» What is being asked:
From the line that holds "1 Light Incandescent" down to the last line of the listing below, reproduce each line exactly and nothing more, omitting pictures.

» Information shown:
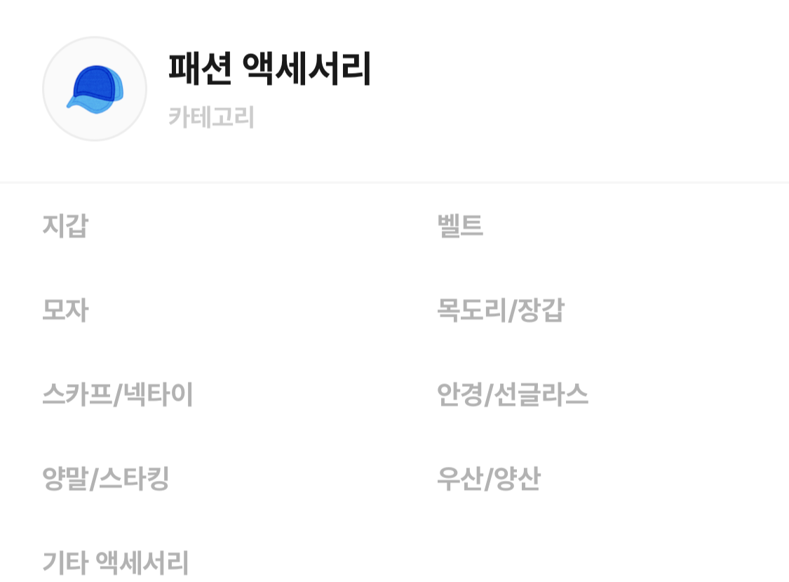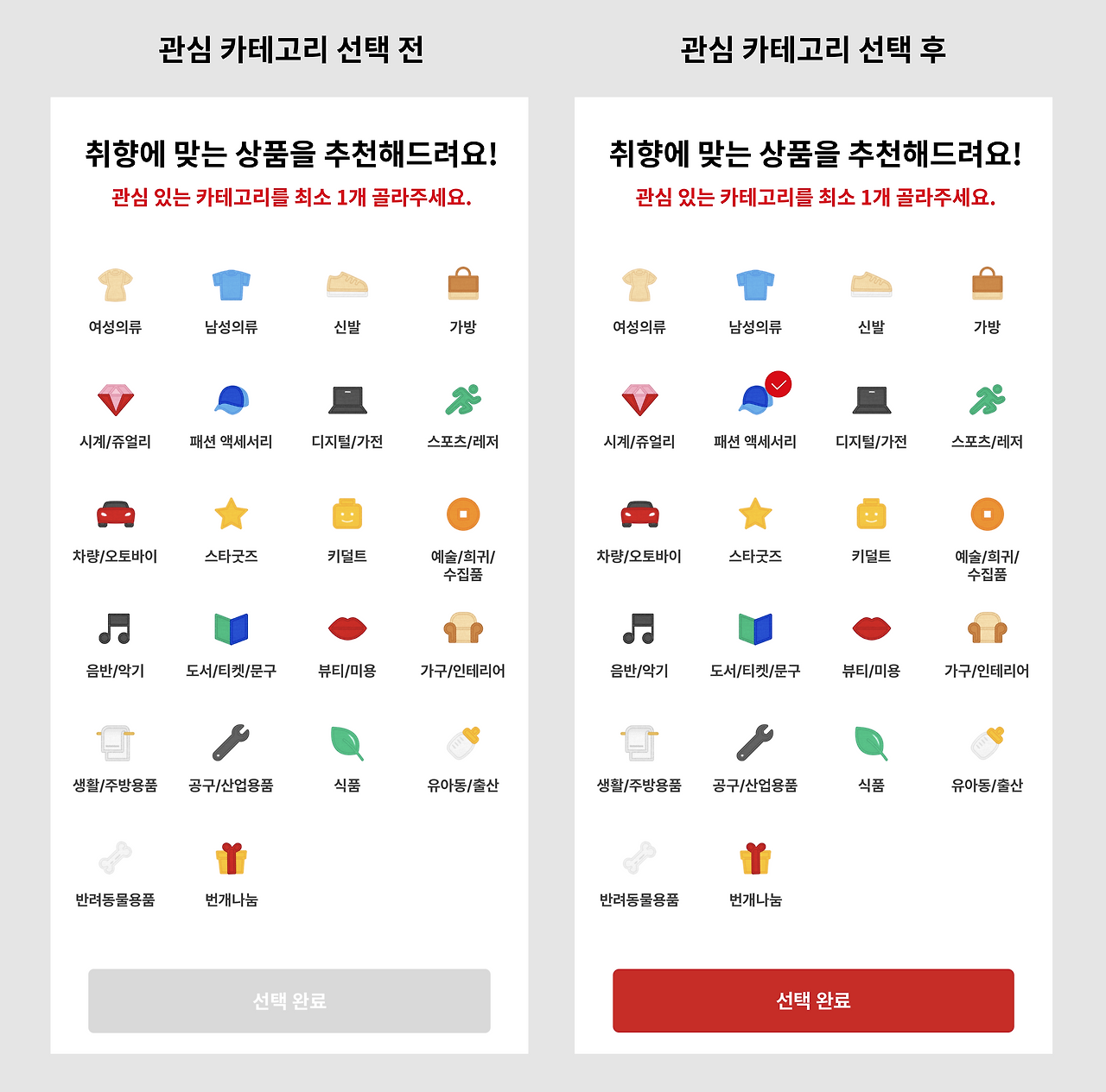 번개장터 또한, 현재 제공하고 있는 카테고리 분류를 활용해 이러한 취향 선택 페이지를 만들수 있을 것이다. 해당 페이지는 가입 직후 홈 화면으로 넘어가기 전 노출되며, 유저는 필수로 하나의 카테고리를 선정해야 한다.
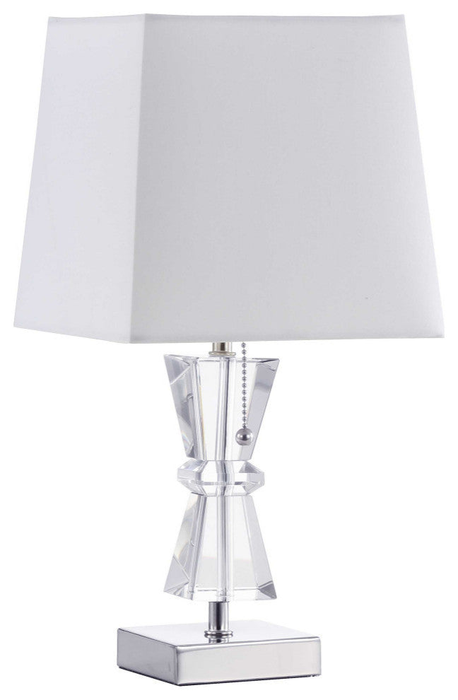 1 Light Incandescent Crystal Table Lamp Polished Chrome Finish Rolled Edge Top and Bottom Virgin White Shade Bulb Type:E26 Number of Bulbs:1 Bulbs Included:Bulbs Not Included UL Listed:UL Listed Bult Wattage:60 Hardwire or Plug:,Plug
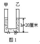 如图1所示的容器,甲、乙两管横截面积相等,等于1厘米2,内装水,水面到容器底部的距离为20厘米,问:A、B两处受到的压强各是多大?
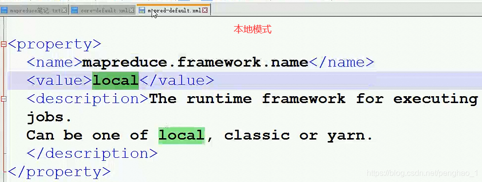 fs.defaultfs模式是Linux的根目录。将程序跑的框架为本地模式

» Output of the task:
 1 Light Incandescent Crystal Table Lamp Polished Chrome Finish Rolled Edge Top and Bottom Virgin White Shade Bulb Type:E26 Number of Bulbs:1 Bulbs Included:Bulbs Not Included UL Listed:UL Listed Bult Wattage:60 Hardwire or Plug:,Plug
 如图1所示的容器,甲、乙两管横截面积相等,等于1厘米2,内装水,水面到容器底部的距离为20厘米,问:A、B两处受到的压强各是多大?
 fs.defaultfs模式是Linux的根目录。将程序跑的框架为本地模式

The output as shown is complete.